-------- Given material --------

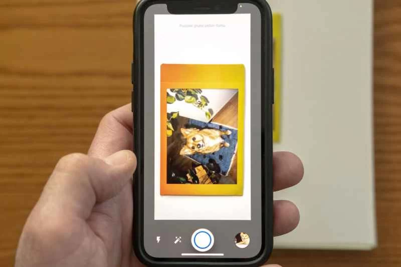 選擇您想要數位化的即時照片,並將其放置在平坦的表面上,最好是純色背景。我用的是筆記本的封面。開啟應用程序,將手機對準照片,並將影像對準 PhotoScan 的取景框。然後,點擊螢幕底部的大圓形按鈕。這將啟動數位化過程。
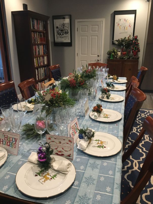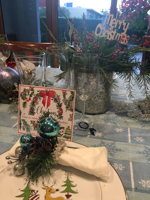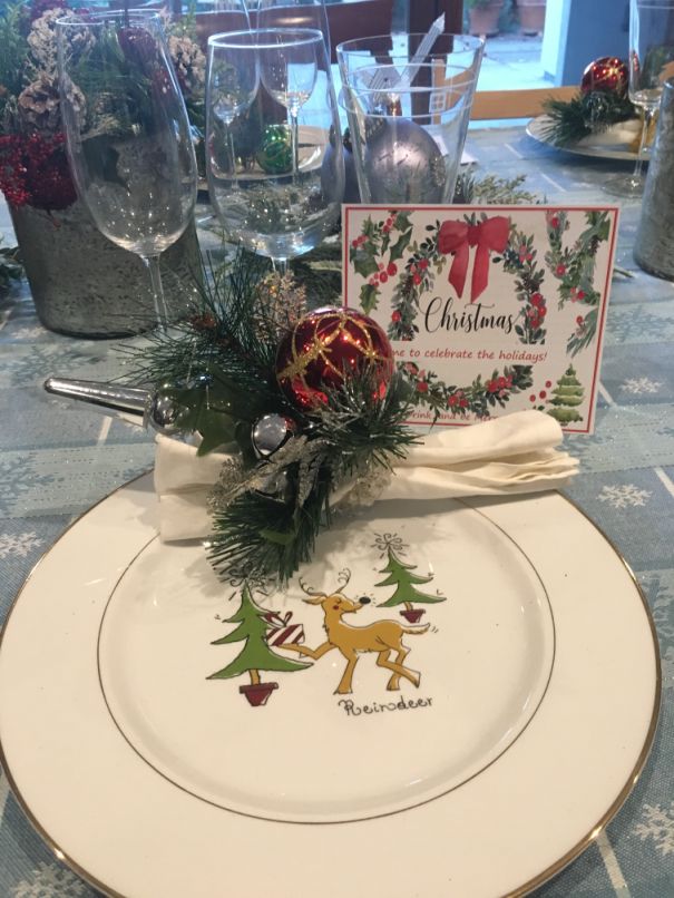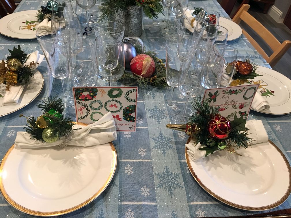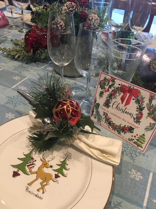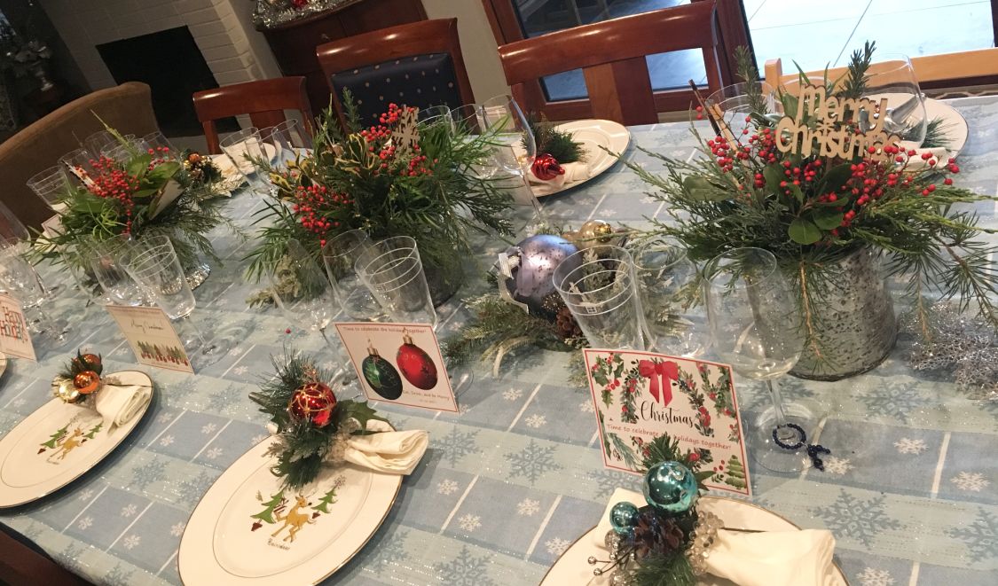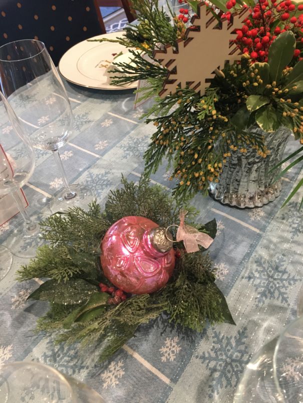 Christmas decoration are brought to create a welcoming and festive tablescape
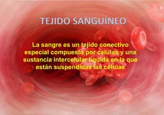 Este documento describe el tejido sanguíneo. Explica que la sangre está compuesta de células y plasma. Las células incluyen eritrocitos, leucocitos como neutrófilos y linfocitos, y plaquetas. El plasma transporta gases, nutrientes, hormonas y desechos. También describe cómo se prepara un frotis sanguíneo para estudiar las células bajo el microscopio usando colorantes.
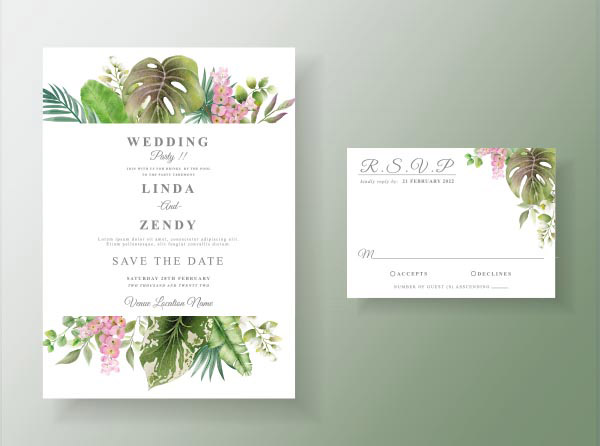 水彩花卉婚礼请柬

--------

**Work order:** Give back only the lines from the one that carries "Este documento describe" through the final line above, both included. Drop all pictures.

**Response for this exercise:**
 Este documento describe el tejido sanguíneo. Explica que la sangre está compuesta de células y plasma. Las células incluyen eritrocitos, leucocitos como neutrófilos y linfocitos, y plaquetas. El plasma transporta gases, nutrientes, hormonas y desechos. También describe cómo se prepara un frotis sanguíneo para estudiar las células bajo el microscopio usando colorantes.
 水彩花卉婚礼请柬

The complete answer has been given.